I've heard that one should run into an industry where others are running away. Traditionally, VCs haven't been lining up to back defense companies, and after conversations with entrepreneurs, acquisitions officers, investors, my congressman, and professors with industry experience, I think that this industry is changing in ways that make it worth running into.
Read on to understand why I'm bullish about the DefenseTech space.
I see three drivers that are making DefenseTech a much more appealing market today for venture investors compared to 5-10 years ago:
Software is eating the Pentagon
The Pentagon is now investing billions into software acquisitions, and is even changing the software acquisition process to be faster and easier for small companies. Since software companies often better fit VC time horizons and return expectations, this is a paradigm-shift for the market.
New resources for founders
In the past five years, a constellation of new resources for entrepreneurs interested in working in this space has emerged. The Defense Innovation Unit, AFWERX, Squadron Innovations, and more groups help companies do R&D, receive patents, and build a technological moat before fundraising. It's a powerful signal that the DoD wants to work with startups on their terms.
It is also a good way for investors to identify entrepreneurs that are ready for funding.
How useful are these resources? I actually spoke with two entrepreneurs who took advantage of them: Teo Balbach, CEO of CoachMePlus and Ryan Chen, co-founder of a stealth startup. They said these resources and the fast-track contracts helped them generate revenue quickly, win grant funding, and made it easier for them to receive outside investment.
Early successes have paved the way for future wins
The success of Palantir, Anduril, Ayasdi, Expanse, and others has demonstrated that big outcomes are possible, and has sparked some early investor interest in this often underrated space For example, big-name funds like a16z, Founders Fund, and General Catalyst have invested here. They've also catalyzed trust between the Pentagon and Silicon Valley after the Google-Project Maven low point.
The Pentagon is particularly interested in AI and ML technology, especially in predictive analytics and big data analysis, and entrepreneurs are following their lead. This is an area where large companies like Lockheed don't have a lot of experience, so this is a strong opportunity for startups to win lucrative contracts.
On the hardware side, field usage of autonomous systems like drones and robots is rising thanks to better batteries and leaner hardware, and I'm eager to see which startups are able to break out here.

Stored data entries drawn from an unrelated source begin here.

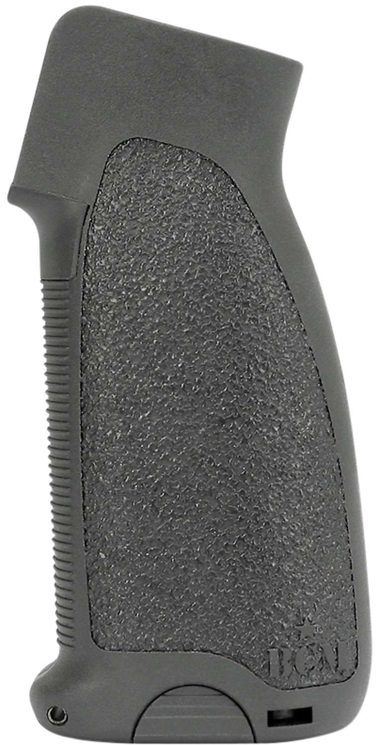 This pistol grip features a hinged trap door which offers storage inside the grip with a water resistant rubber gasket. The grip includes both an extended modular insert to close the gap between the trigger guard and pistol grip, and a smooth modular insert for use with some rifles with larger built in trigger guards.
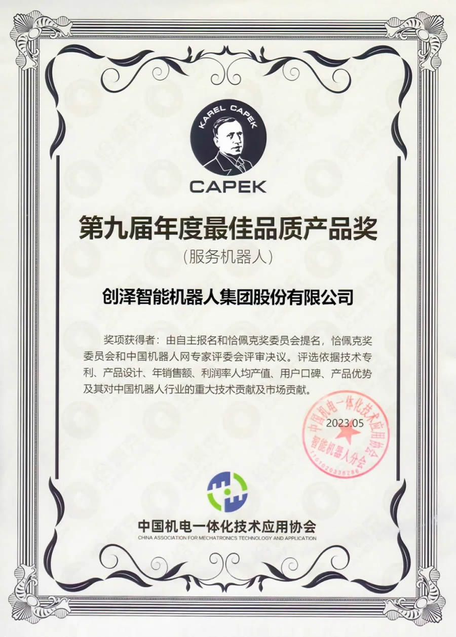 創(chuàng)澤集團(tuán)作為商用服務(wù)機(jī)器人行業(yè)L軍企業(yè),受邀參加本次G峰論壇。憑借多年在人工智能服務(wù)機(jī)器人L域深耕的綜合實(shí)力、創(chuàng)新技術(shù)和豐富的項(xiàng)目落地案例,實(shí)力斬獲恰佩克“第九屆年度佳品質(zhì)產(chǎn)品獎(jiǎng)”。
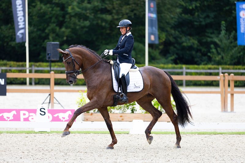 Bred from the full sister of Valegro, Ilegro (Inclusive out of Jalegrofleur ster pref PROK by Negro, bred by Van Olst Horses from Den Hout and Joop Hanse from Burgh-Haamstede) has the right genes for future Olympic Games. Under Zandra Birkeland, he scored 85.4 points, placing second in this semifinal. “This horse was beautifully presented, with the trot as a highlight. He has tremendous power, and when he stays engaged over the topline, the picture is truly beautiful.”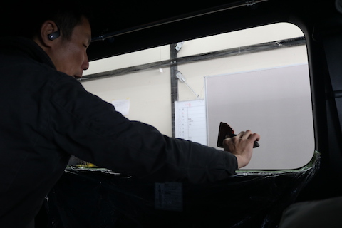 カーフィルムとは、特殊な黒いフィルムをガラスに貼り付ける作業で、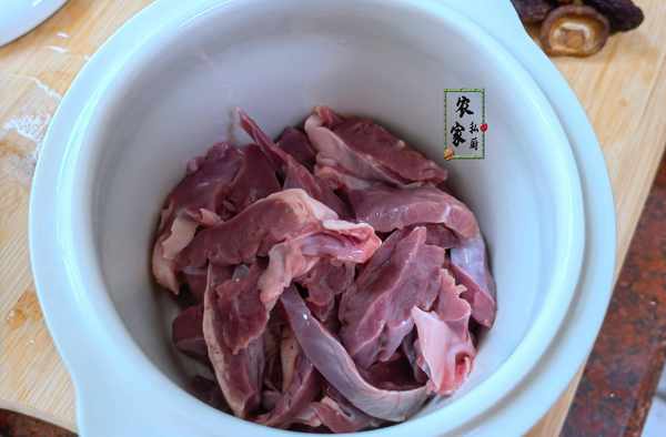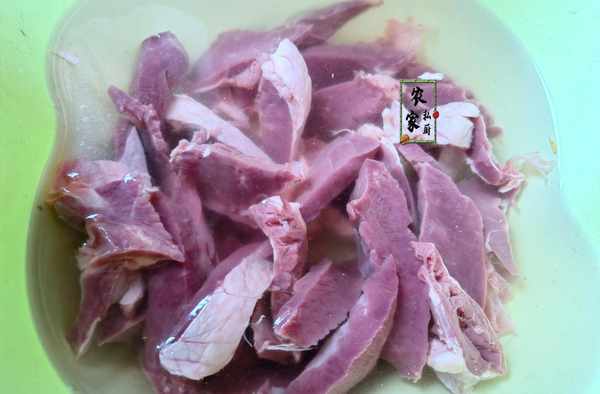 2、把切好的豬心用清水將多餘的血水沖洗幹凈,然後將豬心放到清水中泡上三十分鐘左右的時間。

I think that investors have historically overlooked the opportunities in this market, but won't want to miss the massive tailwinds that are driving it this decade. The past five years has minted some major companies that fit this thesis, and I'm eager to meet more of the entrepreneurs helping ensure that the men and women of the armed forces are ready for the challenges of the 21st century.
*When I talk about DefenseTech, I'm broadly referring to companies designing and selling products for U.S. national security purposes first, civilian purposes second, and companies that have received substantial financial backing through contracts/grants from the government that are selling product for both the government and for civilian uses.